One of those moments will come on Oct. 4, in London, when Western oil and energy giants, backed by their governments, gather to decide the fate of the oil of the Caspian Sea.
The choice is simple. The oil can come out through the existing Russian pipelines that run north from Baku up through Chechnya and then north-west to the Russian Black Sea Port at Novorossiisk. Or it can avoid Russia, and come out through a new pipeline, via Georgia.
At stake is not just the $7 billion investment of an international consortium of British, French, Italian and U.S. oil giants. If they all agree on the Georgian route, that signals the twilight of Russia's power to assert economic dominance over the former Soviet republics through pipeline diplomacy.
Georgia's Eduard Shevardnadze thinks his own life could be at stake too. He has made no secret of his suspicion that the recent assassination attempt upon him was aimed at foreclosing the Georgian pipeline route.

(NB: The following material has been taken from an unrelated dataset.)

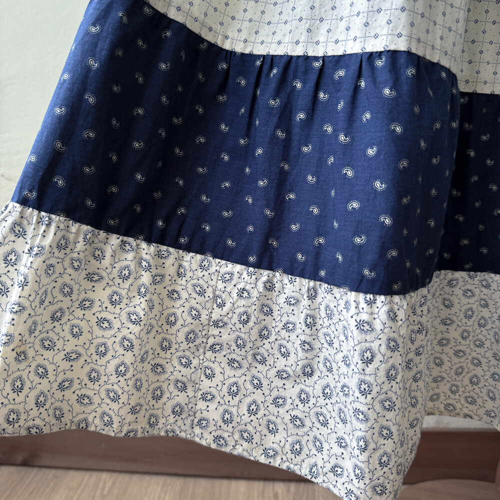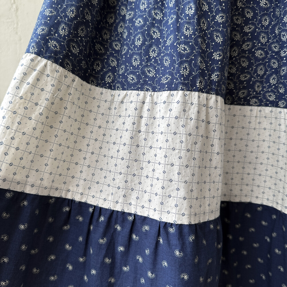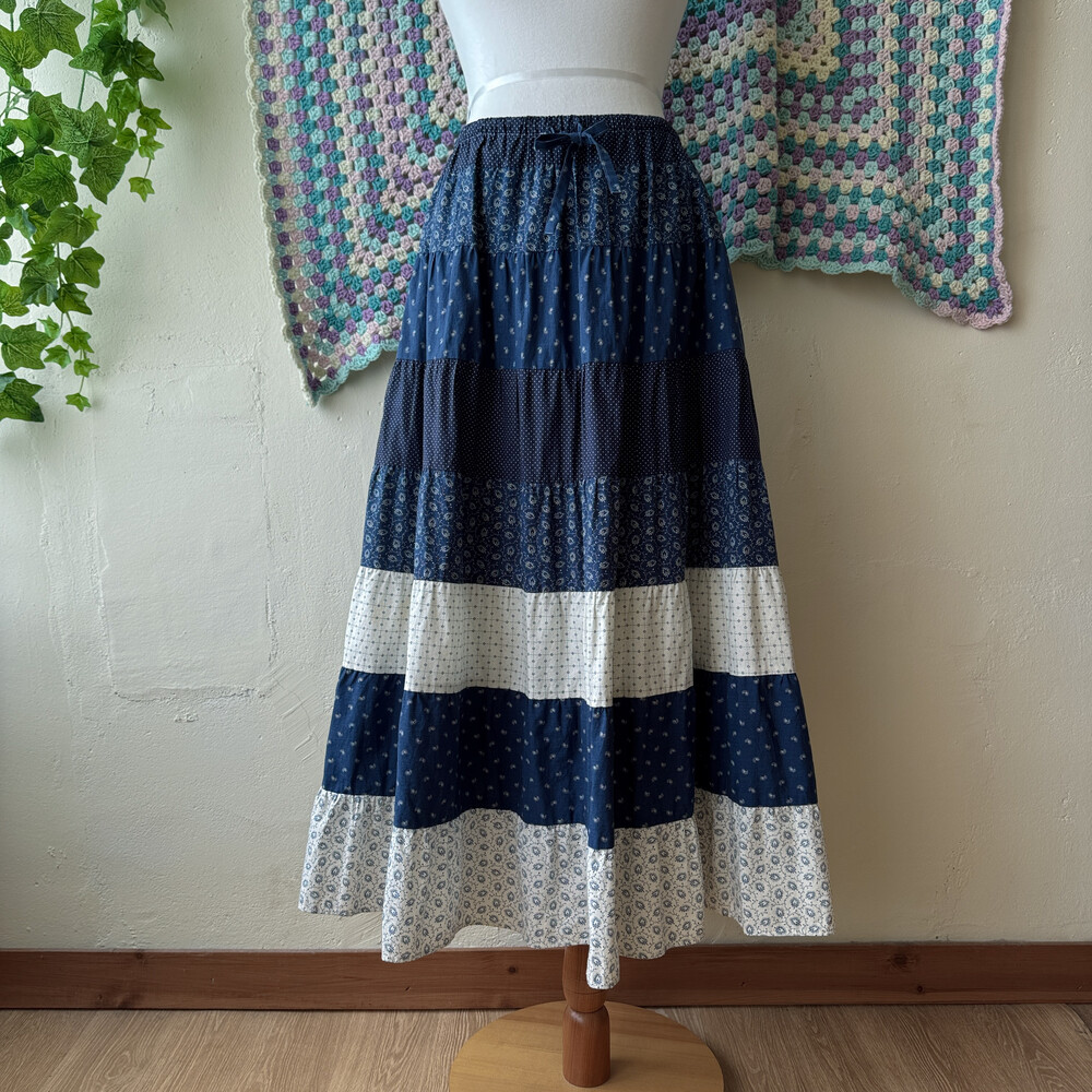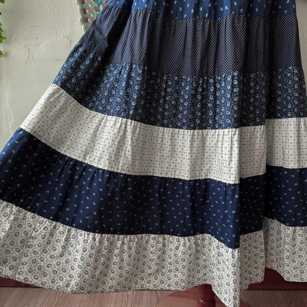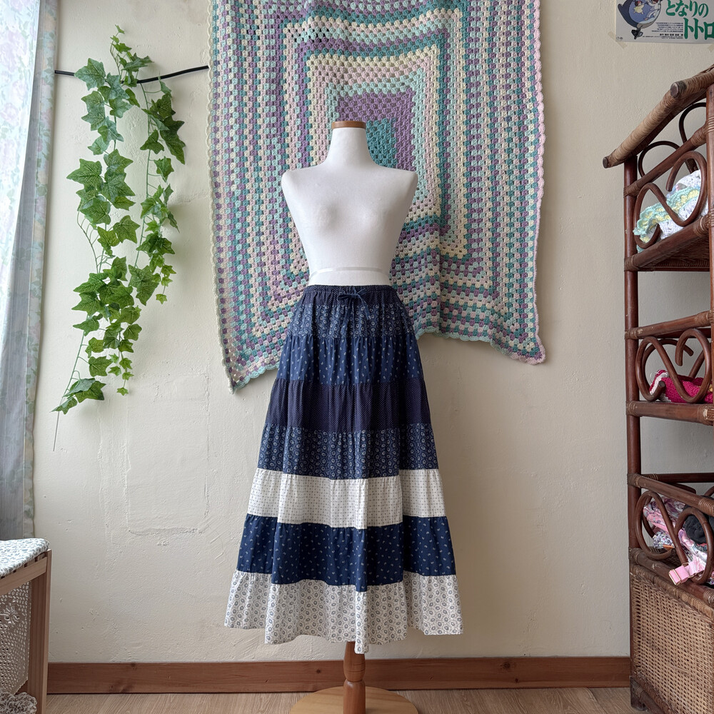 네이비, 아이보리 색감의 패치워크 스커트예요

This is the post-Cold War era, where the old world of geopolitics collides with the new world of geo-economics, and the battles are over oil. The Gulf War against Iraq was about oil. The Chechen war was about oil in part. One of the problems of the Bosnian wars is the competing Croat and Serb demands for the oilfields of eastern Slovonia.
The U.S. government has been involved in the pipeline affair since last August, when the National Security Council saw the first oil survey results and concluded that in the 21st century, the Caspian energy basin would match the Persian Gulf in importance.
U.S. Deputy Secretary of State Strobe Talbott will be pushing for the London meeting to follow his advice and come up with the solution of Solomon: Two pipelines, one through Russia and the other through Georgia.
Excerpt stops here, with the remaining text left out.